Phase separation and immune response. a LLPS is involved in innate immune responses. Cyclic GMP–AMP synthase (cGAS)- cytosolic DNA (such as viral DNA) condensates are formed by the multivalent interactions between cGAS and DNA via LLPS. The cGAS-DNA condensates may function as a reaction crucible, which can concentrate the reactants (ATPs and GTPs) and enzymes (activated cGAS) to efficiently produce cyclic GMP–AMP (cGAMP), which initiates anti-viral immune responses via the TBK1/IKK signaling pathway. Similarly, RLRs, such as RIG-I and MDA5, can also sense the viral nucleic acids (DNA or RNA), thereby initiating anti-viral immune responses via the TBK1/IKK signaling pathway. However, whether RLRs can phase-separate with nucleic acids to promote anti-viral immune responses is still not clear. Ras-GTPase-activating protein SH3 domain-binding protein 1 (G3BP1) is a positive regulator of innate immune responses (including RIG-I-mediated cellular anti-viral pathway and cGAS-STING pathway) and a stress granule core protein. SARS-CoV-2 N protein forms condensates that incorporate RNA and G3BP1, which suppress the interaction between G3BP1 and cGAS or RIG-I, thereby inhibiting the anti-viral immune responses of the host cells. b LLPS mediates T-cell receptor (TCR) signal transduction. After being phosphorylated by Lck, a kinase of the Src family, the cytoplasmic domains of TCR will recruit and activate the tyrosine kinase ZAP70. Thereafter, the multiple tyrosine residues of LAT, a transmembrane protein, are phosphorylated by activated ZAP70. These phosphorylated tyrosine residues recruit the SH2 and SH3 domain-containing protein GRB2, Gads, and Sos1, thereby activating T cells through several downstream signaling pathways, such as the MAPK pathway.
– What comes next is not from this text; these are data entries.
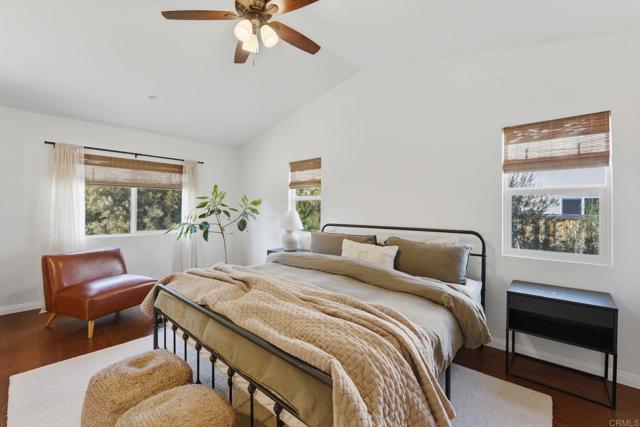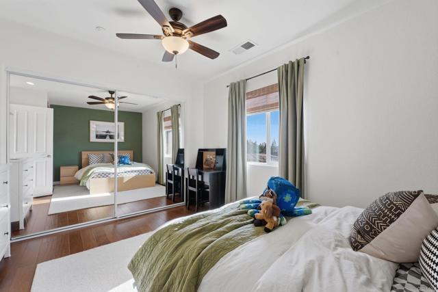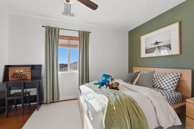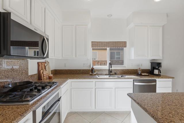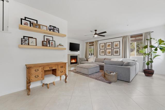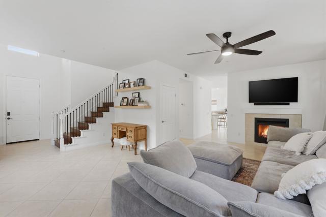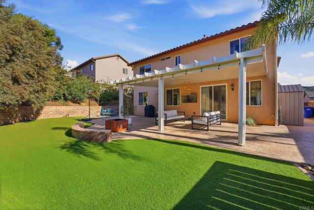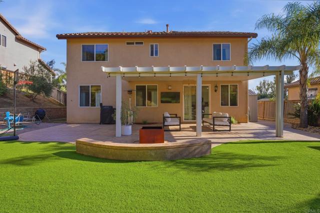 Welcome to a beautifully maintained residence where thoughtful design, abundant natural light, and effortless indoor outdoor living come together in perfect balance. From the moment you step inside, the home feels bright and welcoming. Soaring ceilings and expansive windows allow sunlight to pour through the main living spaces, creating an open and airy atmosphere throughout. The main level flows seamlessly, connecting the living room, dining area, and kitchen in a layout that is both functional and inviting. The main living room offers generous space for gathering and relaxing, anchored by a cozy fireplace. The open layout allows for easy entertaining while still maintaining a warm and comfortable everyday living environment. The dining area is both stylish and practical, featuring a custom built in banquette that creates an intimate space for meals, conversation, and family gatherings. Sliding glass doors open directly to the backyard, extending the living space outdoors. Step outside to a spacious covered patio designed for year round enjoyment. The backyard offers ample room for lounging, dining, and recreation with artificial turf, a play area, and mature landscaping that provides privacy and a peaceful hillside backdrop. It is a space perfectly suited for entertaining, relaxing, and making the most of Southern California living. Upstairs, well sized bedrooms continue to impress featuring wood flooring. The primary suite showcases vaulted ceilings and a calm, comfortable ambiance that makes it an ideal retreat at the end of the day. The spacious primary bathroom includes dual vanities and a clean, modern design. Secondary bedrooms provide flexibility for family, guests, or home office needs. Throughout the home, clean lines, neutral finishes, and thoughtful design choices create a timeless aesthetic that allows the next owner to move right in while still offering room for personal touches. With its bright interior, flexible living spaces, and inviting outdoor areas, this home delivers a rare blend of comfort, functionality, and modern California lifestyle.
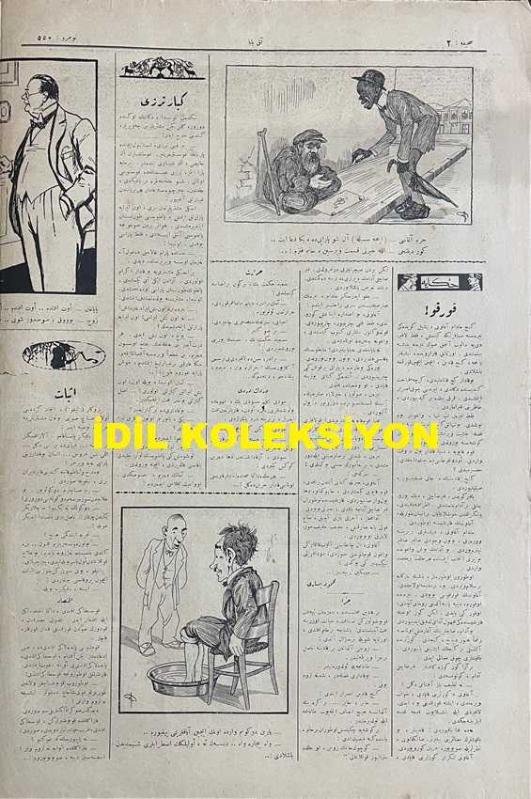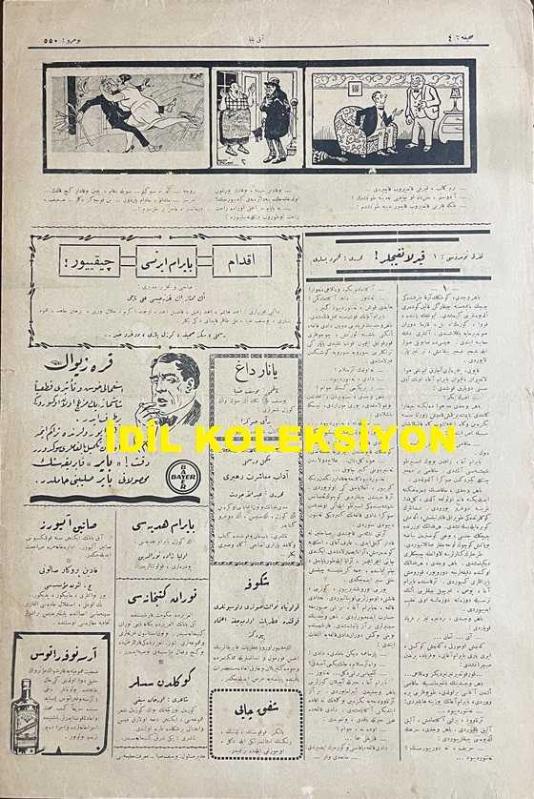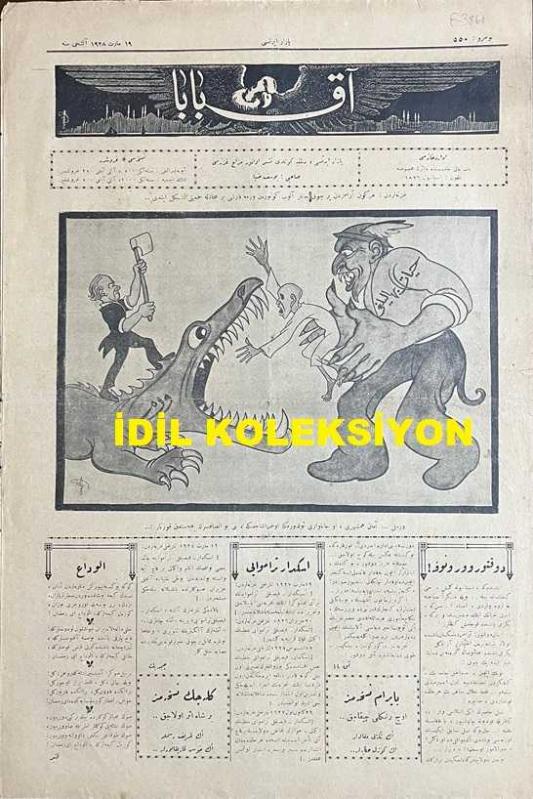 Osmanlıca Akbaba Mizah Dergisi-Gazetesi, Orijinal Dönem Basım, (Ottoman Magazine-Newspaper) - 19 Mart 1928 - Sayı: 550 - Karikatürist Ramiz Gökçe'nin Veremle Savaşa Dair Çalışması: Gazetelerden: Her Gün Aramızdan Birçok Canlar Alıp Götüren Vereme Karşı Bir Mücadele Cemiyeti Teşekkül Etti... " Veremli: Aman Hemşehri, O Canavarı Öldürmeye Uğraşacağına, Beni Bu İnsafsızın Pençesinden Kurtar!..." - Doktor Voronoff'a ! "Eğer, Bir Maymun Aşısıyla, Bu Bilgili İhtiyarlara Gençlerin Kudretini de Verirsen, Nikah Memuru Hazretlerinin Elini Öpüp Hayır Duasını Alabilmek İçin Dedelerimizden Bize Sıra Gelemeyecektir! Tecrübesiz, Bilgisiz, Toy Delikanlılara Acı Doktor!.." - Hikaye: "Korku" Mahmut Yesari - "Muamma" Selami İzzet (Sedes) - Tefrika: "Kırlangıçlar" Muharriri: Mahmut Yesari - Dış Basından Karikatürler adlı eser, Kitap > Süreli Yayınlar > Gazeteler > Türkiye > Genel kategorisinde İkinci El olarak satıştadır.
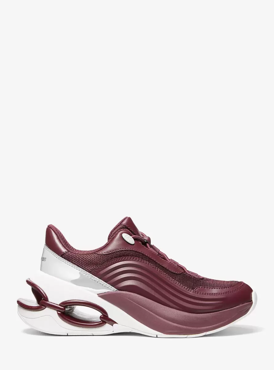 Diese Toni-Sneaker sind aus einer angenehmen Kombination aus Mesh, Gummi und glänzendem Leder gefertigt und verfügen über schmalere, elastische Schnürsenkel am Vorderfuß sowie ein strukturiertes, geschwungenes Lederpanel an den Seiten. Die markante Gummisohle mit Kettenglieder-Ausschnitten verleiht ihnen einen glamourösen Touch. Kombinieren Sie sie mit Leggings, Jeans oder Maxikleidern.
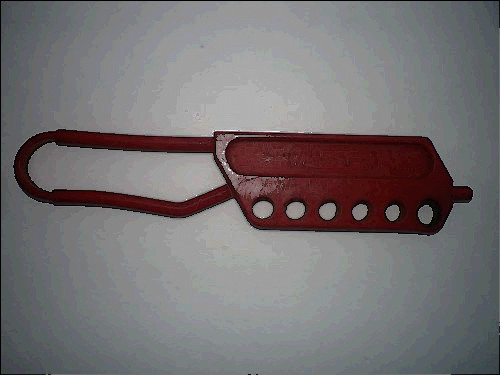 Product Description: Manufactured by mild stainless steel with highly visible vinyl coating. Used to provide a group lockout system on an installed devices while maintenance and prevention of power devices. Available with six holes so that at a time more than one authorized person can lock the perticular device.
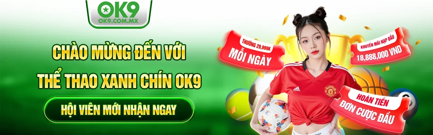 - Thưởng nạp đầu lên đến 18.888.000 VNĐ, gia tăng vốn cược OK9 cực hấp dẫn.
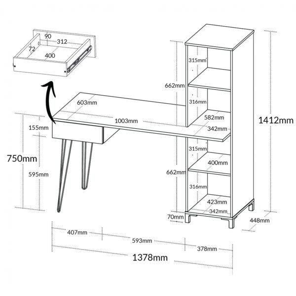 Com design moderno e autêntico, esta escrivaninha é a fusão perfeita entre beleza e funcionalidade para transformar seu home office, casa ou escritório!

These molecules can form condensates to exclude CD45, which can dephosphorylate the phosphorylated cytoplasmic domains of the TCRs to inhibit T-cell activation

Beyond innate immune responses, LLPS also mediates the signal transduction of adaptive immune responses (Fig. 6b). T-cell receptor (TCR) signal transduction is vital for T-cell activation.101,102 After being phosphorylated by Lck, a kinase of the Src family, the cytoplasmic domains of TCR will recruit and activate the tyrosine kinase ZAP70.103 Multiple tyrosine residues of LAT, a transmembrane protein, are phosphorylated by the activated ZAP70. These phosphorylated tyrosine residues recruit the SH2 and SH3 domain-containing proteins GRB2, Gads, and Sos1, thereby activating T cells through several downstream signaling pathways, such as the MAPK pathway.101,104 Interestingly, a transmembrane phosphatase, CD45, can dephosphorylate the phosphorylated cytoplasmic domains of the TCR to inhibit T-cell activation.105 The underlying mechanisms of the regulation of the balance of opposing functions between CD45 and Lck are unclear. Recent advances in LLPS show that the T-cell receptor (TCR) signaling cluster can phase-separate into a condensate, which is driven by the multivalent binding of SH3 and SH2 domains to their cognate motifs.14 Moreover, the TCR signal transduction inhibitor, CD45, is excluded from the condensates to ensure T-cell activation.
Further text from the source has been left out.